E1332. Quantitative MRI of Uterine Fibroids for Prediction of Growth Rate
  1. Milica Medved; The University of Chicago
  2. Carla Harmath; The University of Chicago
  3. Kirti Kulkarni; The University of Chicago
  4. Kevin Hellman; Northshore University Health System; The University of Chicago
  5. Sandra Laveaux; The University of Chicago
Uterine fibroid (UF) growth rate and future morbidity cannot currently be predicted. This often leads to sub-optimal clinical management, with women being lost to followup and later presenting with severe disease that can require hospitalization, transfusions, and urgent surgical interventions. Multi-parametric quantitative MRI (mp-qMRI) in women with non-severe presentation may potentially provide a biomarker for predicted growth rate, facilitating better-informed disease management and better clinical outcomes. We analyzed the ability of putative quantitative MRI predictive factors to predict UF growth rate.

Materials and Methods:
Twelve women (median age 41 years; range: 27 - 51 years) with UFs were identified during a standard-of-care clinical examination with ultrasound and recruited to receive a baseline and follow-up MRI examination at least 1 year apart. Standard clinical pelvic MRI (3T dStream Ingenia Philips) noncontrast sequences were performed, followed by the contrast-enhanced mp-qMRI examination that included T2, T2*, and ADC mapping. An experienced radiologist outlined up to 3 largest UFs on the T2-weighted sequence and they were then manually traced on the mp-qMRI sequences. The average T2, T2*, R2*, and ADC values over the UF ROIs were calculated. UF growth rate (UFGR) was calculated as the difference in UF volume divided by the number of days elapsed between the two examinations. The volumes were estimated as the area of the UF at the largest cross-section, raised to 3/2 power. Pearson’s coefficients of correlation between T2, T2*, ADC, and UF volume and UFGR, as well as between baseline and follow-up values of these quantitative measures, were calculated. Pearson’s coefficients of correlation between T2, T2*, and ADC and UF volume were also calculated. A significance level of alpha = 0.05 was used.

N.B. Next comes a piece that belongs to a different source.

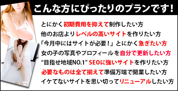 「本気で開業するつもりだ、本気で利益を上げたい」そんなあなたには完全オリジナルでサイトを作ることができる「開業フル装備パック」をお薦めします。ライバルに差をつける、最高品質のデザインに加え、スマホサイト、ロゴ制作、求人用LPまで完備したこれ以上ないフルパック。他のプランと比較しても、集客力は抜き出ています。絶対に後悔しないと自信を持ってお薦めします。もちろん初期費用ゼロ!他社ではマネできない特別なコースです。

Twenty-five fibroids were outlined and analyzed (median 2.5 per woman; range 1 - 3). The correlation coefficient of baseline and follow-up values of T2, T2*, and ADC were 0.86, 0.69, and 0.58, respectively (p < 0.05 for all). T2, T2*, and ADC were not correlated to UF volume. Statistically significant correlation was observed between UF volume and UFGR (r = 0.54 p < 0.05) and T2 and UFGR (r = 0.45, p = 0.05). ADC and T2* did not correlate significantly with UFGR. Multiple regression to UFGR using T2 and UF volume achieved r = 0.69 (p < 0.05).

The mp-qMRI parameter values, especially T2, showed significant stability over time despite UF growth, and did not correlate with UF volume. T2* and ADC showed lower stability and correlation to UFGR, likely due to sensitivity to susceptibility gradients in areas adjacent to bowels. T2 values and UF size could serve as imaging biomarkers for prediction of UFGR, potentially allowing for more targeted follow-up and personalized management of fibroid disease. This could improve outcomes for affected women.